By way of background, many employers use tips to partially compensate their employees under the FLSA’s “tip credit” exemption.  29 U.S.C. 203(m).  This exemption provides that employers can pay “tipped employees” $2.13 per hour for all hours worked, and allows the remainder up to minimum wage to be made up by tips.  For instance, applying the federal minimum wage of $7.25 per hour, an employer simply can pay a tipped employee $2.13 per hour as a cash wage and rely upon tips to make up the $5.12 difference.  Of course, in the event that their tips and hourly rate do not add up to the minimum wage, the employer must make up the difference.
The tip credit exemption has many intricacies, including rules as to who qualifies as a “tipped employee,” when employees may be required to share their tips with other tipped employees and the type of notice that must be provided by an employer if it is using the tip credit for any employees.
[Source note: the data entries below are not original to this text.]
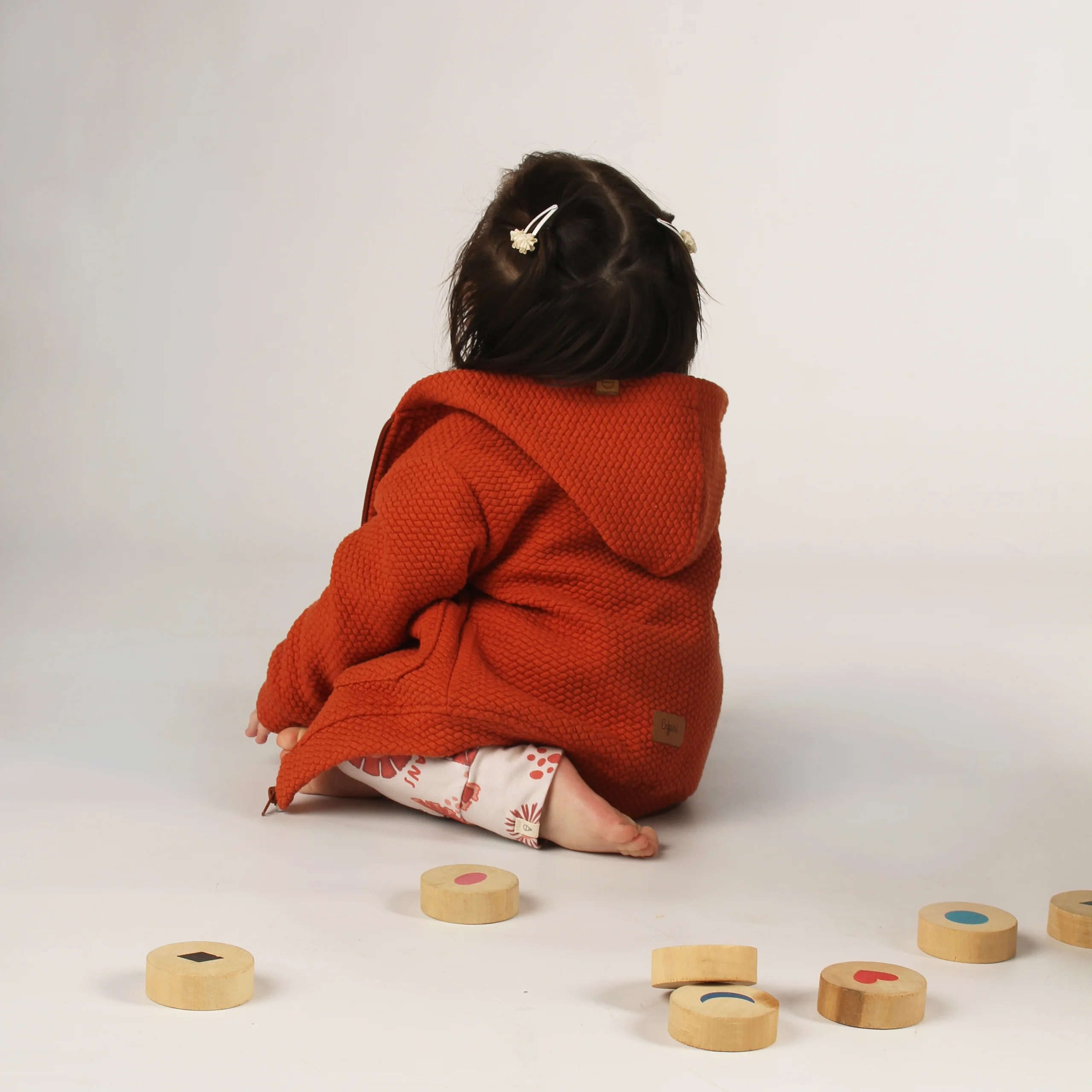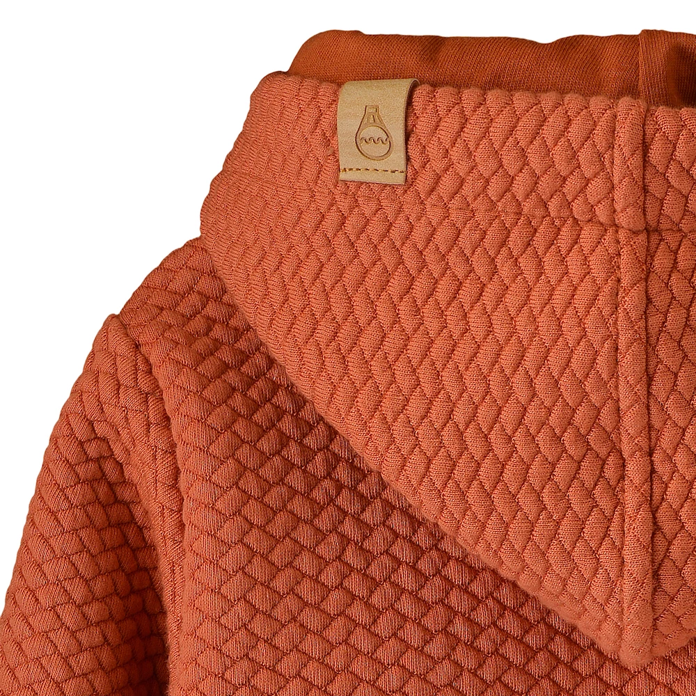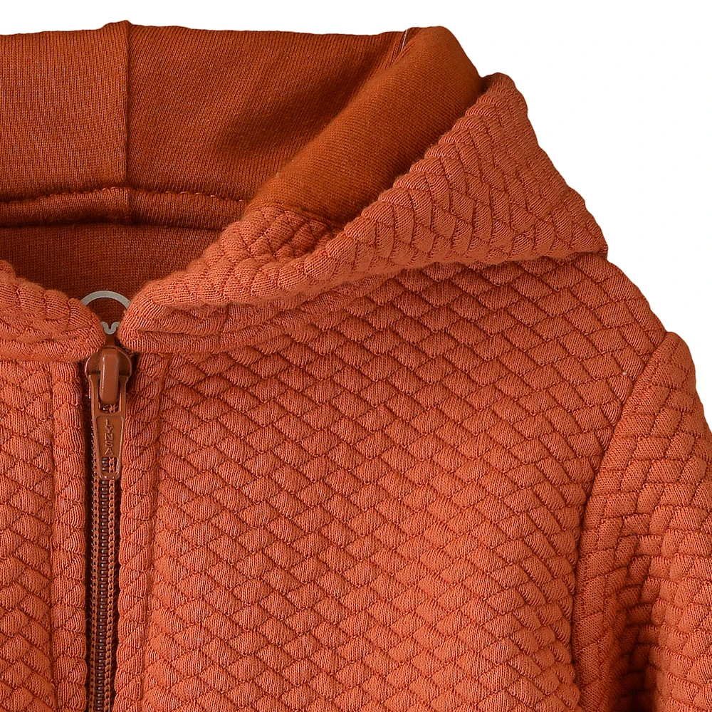CAMPERA DE MATELASSE CON CIERRE Y CAPUCHA. INTERIOR FORRADO CON JERSEY DE ALGODON.
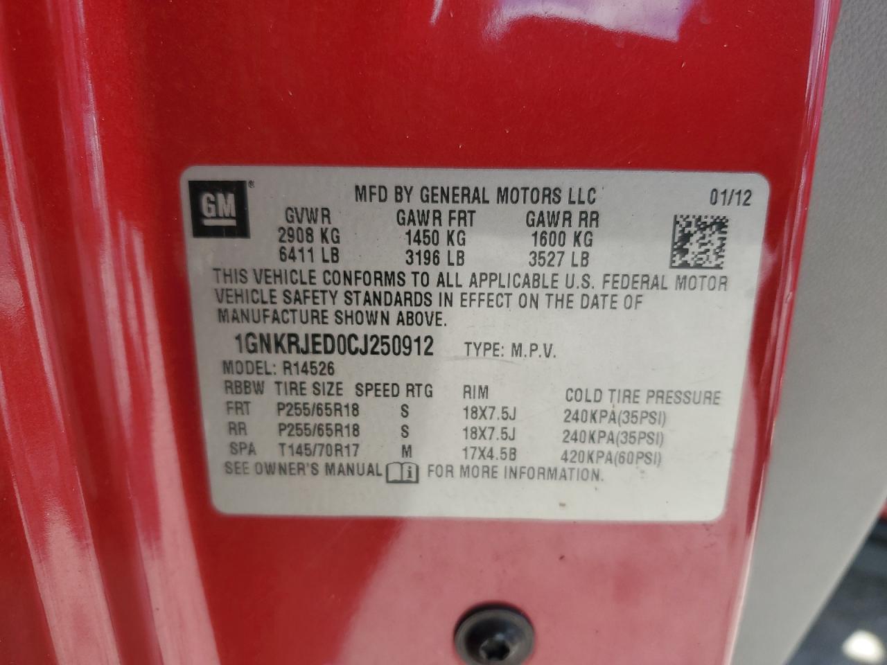 Колір ЧервонийЦиліндри 6VIN 1GNKRJED0CJ250912Стан НевідомоУшкодження НезначніДата аукціона 2025-10-08
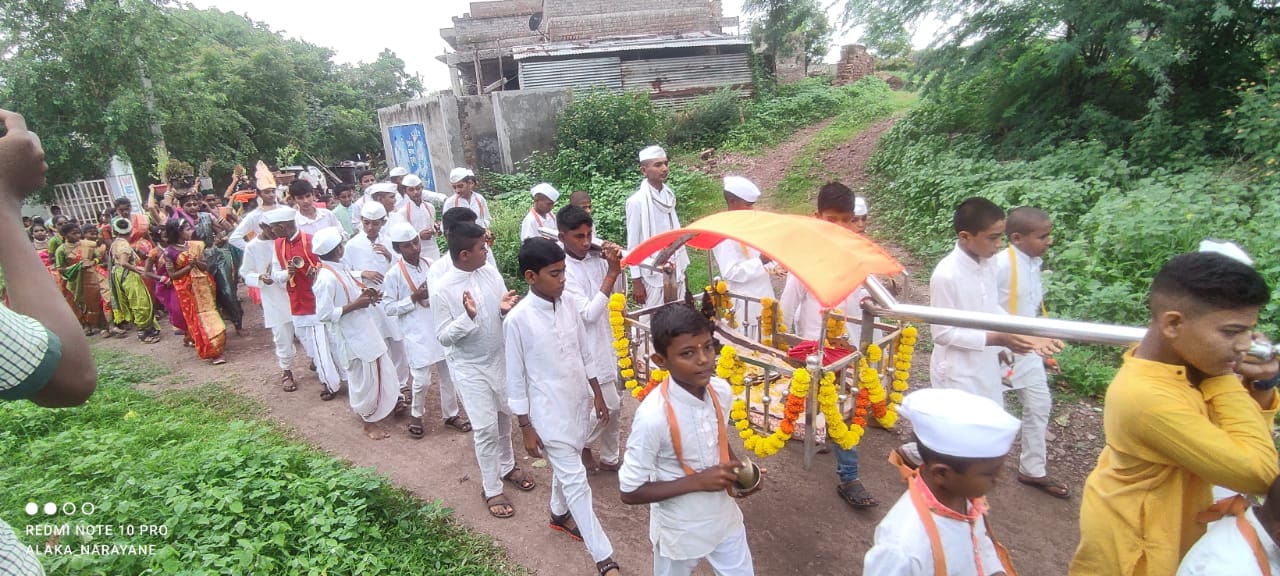 नांदगाव(प्रतिनिधी).शनिवार दि. ४ जुलै २०२५ आज रोजी विद्यालयाच्या वतीने आषाढी एकादशीच्या पार्श्वभूमीवर गावातून दिंडी सोहळ्याचे आयोजन करण्यात आले होते. प्रसंगी सजवलेल्या पालखितून विठ्ठल रखुमाईच्या मुर्ती तसेच ग्रंथराज ज्ञानेश्वरीची स्थापना करून भव्य मिरवणूक काढण्यात आली. प्रसंगी नस्तनपूर वारकरी संस्थान मधील गायक वादक विद्यार्थी तसेच गावातील भजनी मंडळ, शाळेचे विद्यार्थी, मुख्याध्यापक शिक्षक शिक्षकेतर कर्मचारी, ग्रामस्थ यांच्या सहकार्याने दिंडी सोहळ्यास सुरूवात झाली. शाळेपासून निघालेली दिंडी हनुमान मंदिरचौक , ग्रामपंचायत चौक, साईबाबा चौक अशी गावातील चौकाचौकातून नाचत गात व फुगड्या खेळत परत शाळेजवळ पोहचली. गावातून दिंडी जात असताना गावातील माताभगीनींनी पालखीतील भगवान विठ्ठलाच्या मुर्तीचे मनोभावे पूजन केले व ग्रामस्थांनी दर्शन घेतले. कुमारी अपेक्षा सोर हिने भगवान विठ्ठल व कुमारी मृणाली मोरे हिने माता रूख्मीनीच्या पेहरावात सर्वांचे लक्ष वेधून घेतले. ईतर विद्यार्थीनींनी नउवारी साडी व डोक्यावर तुळशी वृंदावन घेत साक्षात माऊलींच्या दिंडी सोहळ्याचे चित्र उभे केले. अनेक विद्यार्थ्यांनी वारकऱ्यांच्या वेशभूषेत अक्षरशः पंढरपूरच्या दिंडी सोहळ्याची आठवण करून दिली. टाळ मृदंगाच्या व हरिनामाच्या गजरात गावातील वातावरण भक्तीमय झाले. सेवटी शाळेच्या प्रांगणात मोठा रिंगण सोहळा रंगला. यात नस्तनपूर संस्थानचे महाराज मंडळी, शाळेचे विद्यार्थी, विद्यार्थीनी शिक्षक शिक्षकेतर कर्मचारी वृंद सहभागी झाले. टाळ मृदंगाच्या गजरात विद्यार्थी विद्यार्थीनी व शिक्षक फुगडी खेळण्यात दंग झाले. सोहळ्यातील गायन वादन, सजावट ई.साठी भजनी मंडळातील मा. मधुभाऊ घोटेकर, नानाभाऊ तांदळे, दादाभाऊ जाधव, रविंद्र गरूड, नवनाथ सोमवंशी, दत्ताभाऊ घोटेकर, दिपक आहेर,गोकुळ जाधव, राजु मवाळ, प्रमोद सोनवणे, संदीप पाटील , निलेश चाकणकर, रविंद्र जाधव शालेय व्यवस्थापन समिती अध्यक्ष अनिल बोरसे, आबासाहेब सोनवणे व संदीपभाऊ मवाळ मित्रमंडळाचे मोलाचे सहकार्य लाभले. कार्यक्रमाची संकल्पना शाळेचे मुख्याध्यापक मा. काशिनाथ गवळी यांची होती तर जेष्ठ शिक्षक मा. संजय कांदळकर, श्रीमती अलका शिंदे, मा. कैलास पठाडे, मा. लक्ष्मण जाधव, मा. उत्तम सोनवणे,मा. संदीपभाऊ मवाळ, मा. आबासाहेब सोनवणे यांनी विशेष परिश्रम घेऊन अनमोल सहकार्य केले. विजय शिक्षण प्रसारक मंडळाच्या पदाधिकारी व संचालक मंडळाने कार्यक्रम यशस्वीरित्या पार पाडल्याबद्दल शुभेच्छा देऊन सर्वांचे कौतुक केले.

For instance, under the FLSA, an employer is required to notify its employees that it utilizes the tip credit for tipped employees.  Previously, it was not clear what type of notice was required.  The DOL now has announced its position that the notice must include the following information:

  1. the amount of the cash wage that will be paid to the tipped employee;
  2. the amount of tips which will be counted towards minimum wage (max of $5.12 per hour);
  3. the tips received must be retained by the employee (except for a valid tip pool);
  4. any required contributions to a tip pool; and
  5. notice that the tip credit will not apply to any employees unless they received this notice.

Although there is no requirement that this notice be made in writing, we strongly advise employers to put the above information in writing, whether in an employee handbook or through a separate acknowledgment form, to avoid any future dispute over whether such notice was provided.
Several other changes were made that also can affect an employer’s treatment of tipped employees.  First, in the new regulations, the DOL has stated that tips are the sole property of an employee, regardless of whether the employee operates under the tip credit exemption.  In other words, according to the DOL, an employer is never allowed to keep any percentage of an employee’s tips, even if the employer pays the employee $7.25 per hour or higher.  It should be noted that, although this is the DOL’s interpretation, it is not clear whether federal courts will adopt it as at least one circuit court of appeals rejected such an interpretation prior to the time these new regulations were issued.
Finally, the DOL removed limits on contributions to tip pools.  Prior to these recent regulations, the DOL had taken the view that an employer could not force an employee to contribute more than 15% of tips received (or 2% of daily gross sales) to a tip pool.  The DOL, however, has changed course and rejected that position.  The DOL now makes clear that there are no limitations on the amount that an employer can force an employee to contribute, so long as the employee still retains enough tips to make minimum wage.
Given these changes, it is important for employers to promptly review their tip credit procedures under the FLSA.  While some of these changes may appear technical in nature, they can unnecessarily open up an employer to liability and substantial damages.  Of course, in addition to the FLSA, employers also should ensure that state law allows an employer to use a tip credit and does not impose any additional restrictions on the manner in which the credit is employed.